All these puzzling experiences came together when I built a research proposal for my PhD study. How do workers in the drug field choose for different approaches on how to deal with drug users? How do they decide whether and with whom to collaborate? And how come national policy statements can be, sometimes, totally ignored by street-level workers? Interestingly enough, I was granted with a PhD vacancy and a NUFFIC scholarship to study these questions in the Netherlands, the country where harm reduction approach was born! At that point, for harm reduction supporters, the Dutch harm reduction strategy was seen as an example to be followed, the golden pot at the end of the rainbow that all wanted to have. When compared to Dutch national policy statements, the Brazilian ones seemed to be far behind. Which lessons could Brazilians learn from the Dutch way? How would harm reduction be brought into practice at the street level in the Netherlands? I expected to see great differences in terms of how street-level workers behave, think, and decide on what to do with drug users on a daily basis.

Along the study, however, the colours of the Dutch rainbow showed somehow different nuances, and the golden pot lost a bit of its shine. Many other questions regarding how street-level workers take daily decisions arouse, and comparing ideas and experiences of street-level workers across the Atlantic was definitely one of the most fun and challenging tasks I had so far in my academic career. Through the experiences of the street level workers participating in this research, I revisited the hardness and the beauty of daily negotiating of goals, meanings and decisions. Through a grounded theory approach, new nuances were brought to complement and in some cases contradict the (street level bureaucracy) theories I have worked with.

At the end of 2015, I started a consultancy job that allowed me to dig further into a variety of actors and experiences related to drug policies. Working for Mainline, I got the chance to travel from the high ranking officials of UNODC and governmental bodies to the narrow alleys of slums and the people using a variety of drugs in countries such as Indonesia and South Africa. Collecting data, sharing experiences, and trying to comprehend the development of policies in various contexts enlarged my portfolio on national and international drug policy making.

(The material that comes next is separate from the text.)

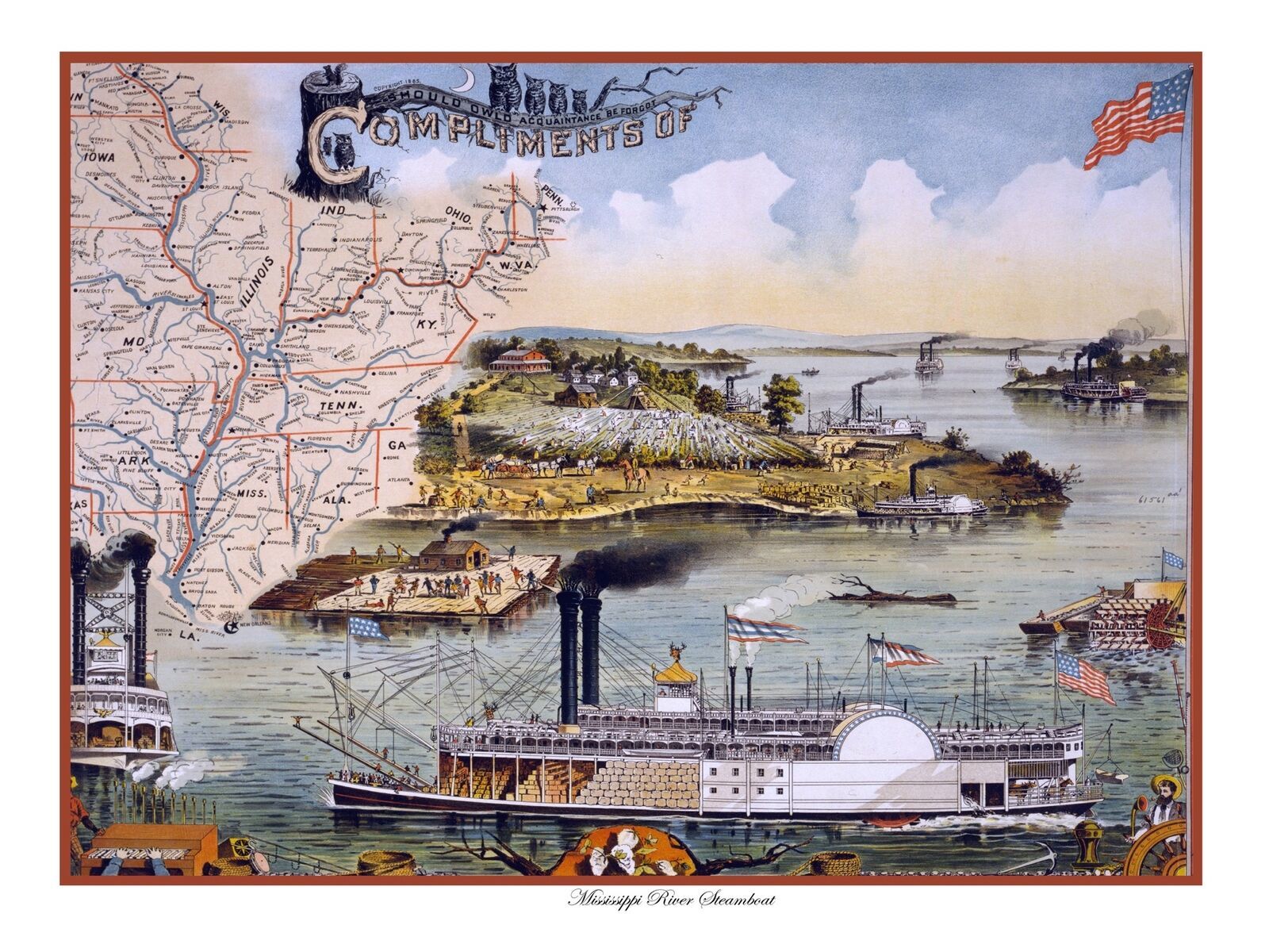 4421.Compliments of the Mississippi River Steamboat.POSTER.decor Home Office art

The strength of my research so far has been careful attention to different perspectives and actors in drug policies, reaching contextually based interpretations. Now, in 2017, I am entering more deeply into the historical background of different discourses in drug policy. Through post-doctoral research at Utrecht University, I will be looking at how discourses around Europe have been shifting since the Second World War. How do European Union neighbours have been interpreting Dutch positions around drugs?

So far, my trajectory as a drug researcher has been a bottom-up one.

Starting as an outreach worker, I moved into studying how people who use(d) drugs advised others to reduce their harms, went up another level to look into social, health and law enforcement workers approaching people who use drugs, and ended up investigating the high level of drug policy making. Literally from the streets and the slums to the paper level and the fancy meeting rooms.

I realized that even though I remained in the same field, I’ve been looking at it from different perspectives. Each discipline – history, psychology, public policies, development studies – has unique contributions to the understanding of drug use and drug trade. The novelty of discovering, every day, a bit more about each side of this topic is what moves me to the computer, the books and the people involved with (the study of) drugs. Acquiring a more holistic understanding of drug use is my aim, and step by step I’m getting there.

And you, how did you start your journey towards the work you do, and what keeps you going?